バレーボールでライトバックを守っていると、「ブロックでスパイカーの身体が見えない」という悩みを持つ選手は非常に多いです。
特にレフト攻撃に対する守備では、ブロッカーが視界に入ってしまい、身体の向きや腕の振りが見えなくなることがあります。
しかし、実際の上級者レシーバーは“見えている情報だけ”で守っている訳ではありません。

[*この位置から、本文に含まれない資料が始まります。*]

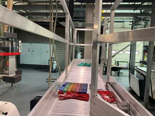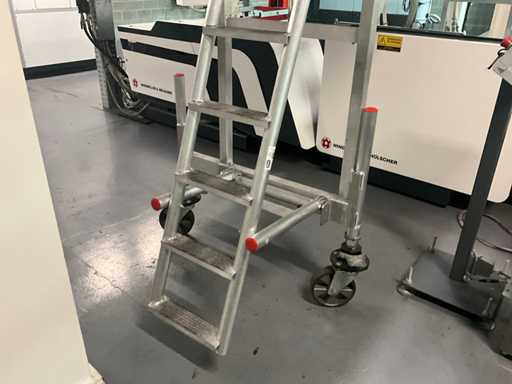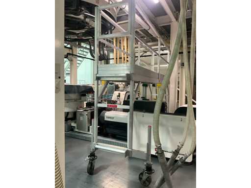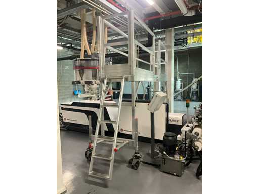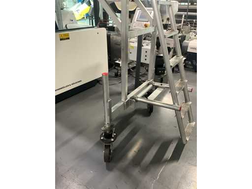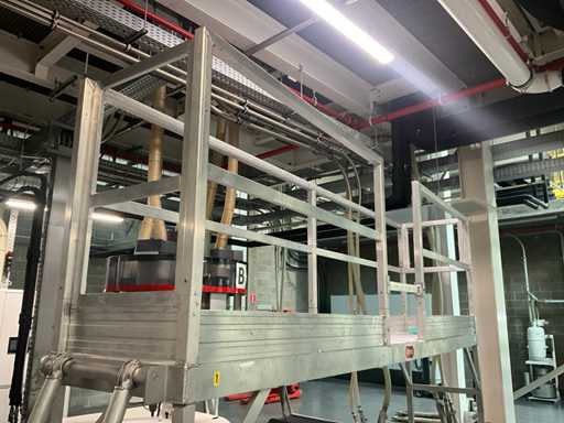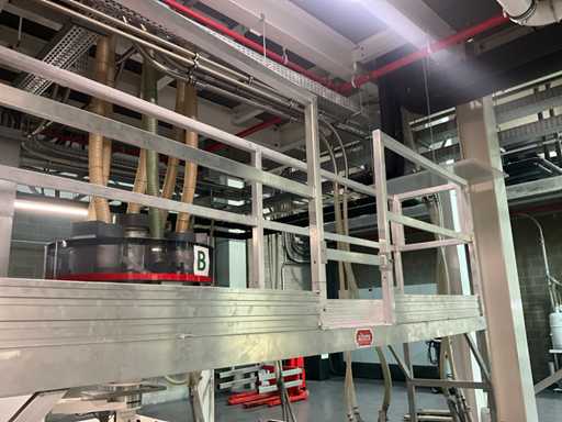 Mobile et en version inox, taille de la passerelle : 70 cm de large, équipée de garde-corps/clôture de sécurité et d’une ouverture de marche au milieu le long d'1 côté long avec verrouillable et le long d’un portail latéral court sur l’escalier d’étage RS5 avec 6 marches à 70°.

この記事では、ライトバックの選手がどこを見てレシーブしているのか、またスパイカーが見えない時の対処法について整理していきます。
ライトバックは「完全に見る」のが難しいポジション
まず前提として、ライトバックは最も“視界が遮られやすい”守備位置の一つです。
特に一枚ブロックの場合。
- ブロッカーの背中
- スパイカーの腕
- 助走の角度
などが重なり、スパイカー全体を見るのはかなり難しくなります。
つまり、「見えないのは自分だけではない」というのがまず大事なポイントです。
多くのライトバック選手は、“部分的な情報”からコースを予測しています。
実際は「トス」と「助走」でかなり読んでいる
上級者のレシーバーは、スパイカーの身体だけでなく、その前段階をかなり見ています。
例えば。
- セッターのトス位置
- トスの高さ
- 助走の入り方
- 踏み切り位置
- 打点の高さ
などです。
レフト攻撃でも。
| 状況 | 予測しやすいコース |
|---|---|
| 内側から助走 | クロス寄り |
| 外へ流れる助走 | ストレート寄り |
| 低いトス | 強打率高め |
| 乱れたトス | フェイント増加 |
など、ある程度の傾向があります。
つまり、「最後の腕振りだけ」で読んでいる訳ではありません。
一枚ブロックなら“ブロックとの関係”も重要
ライトバック守備では、ブロッカーとの連携が非常に重要です。
特に一枚ブロックの場合、完全に止めるのではなく「コース限定」の役割になることが多いです。
例えば。
- ブロックがクロスを切る
- ライトバックがストレートを守る
あるいは逆に。
- ブロックがストレート寄り
- ライトバックが深いクロス待ち
など、守備分担を決めます。
つまり、全部を一人で読もうとすると難しくなります。
「ブロックがどこを閉じているか」を見て、自分の守備範囲を明確にすると反応しやすくなります。
「見えない瞬間」はボールを見る意識が大切
スパイカーが見えなくなる瞬間は、無理に身体全体を見ようとしなくても大丈夫です。
むしろ重要なのは。
- 最後にボールがどこへ離れるか
- インパクトの角度
- 打点の前後
を捉えることです。
特にライトバックでは、“ボールの初速方向”を早く見る意識がかなり大切になります。
強打に対しては、完全に読んでから動くのではなく、「ある程度予測して先に準備しておく」感覚が必要です。
おすすめの練習方法
ライトバックの守備力を上げるには、「見る力」を鍛える練習が効果的です。
おすすめは。
①スパイカーの助走だけを見る練習
実際に打たせず、助走方向だけでコース予測する練習です。
これを繰り返すと、“事前情報”を見る癖がつきます。
②ブロック越しの反応練習
ブロッカーをわざと視界に入れた状態でレシーブします。
実戦に近い視界になるので非常に効果的です。
③ボール出し反応練習
コーチが最後に左右へ出すボールへ反応する練習です。
「見えない状態から動く」能力が鍛えられます。
ライトバックは“読み”と“準備”が特に重要
レフトからの強打に対するライトバック守備は、完全に見えてから反応するのでは間に合わないことも多いです。
そのため。
- 事前予測
- ポジショニング
- ブロックとの連携
- 初速反応
が非常に大切になります。
逆に言えば、「全部見えないと取れない」という訳ではありません。
トップ選手でも、実際にはかなり“予測”を使って守っています。
まとめ
ライトバックでレフト攻撃を守る時、ブロックでスパイカーの身体が見えなくなるのは珍しいことではありません。
実際のレシーバーは。
- トス
- 助走
- 打点
- ブロック位置
など、複数の情報を組み合わせてコースを予測しています。
また、一枚ブロックでは「全部を拾う」のではなく、ブロックとの守備分担を意識することも重要です。
“完全に見えてから取る”のではなく、「予測して準備する」感覚が、ライトバック守備では大きな武器になります。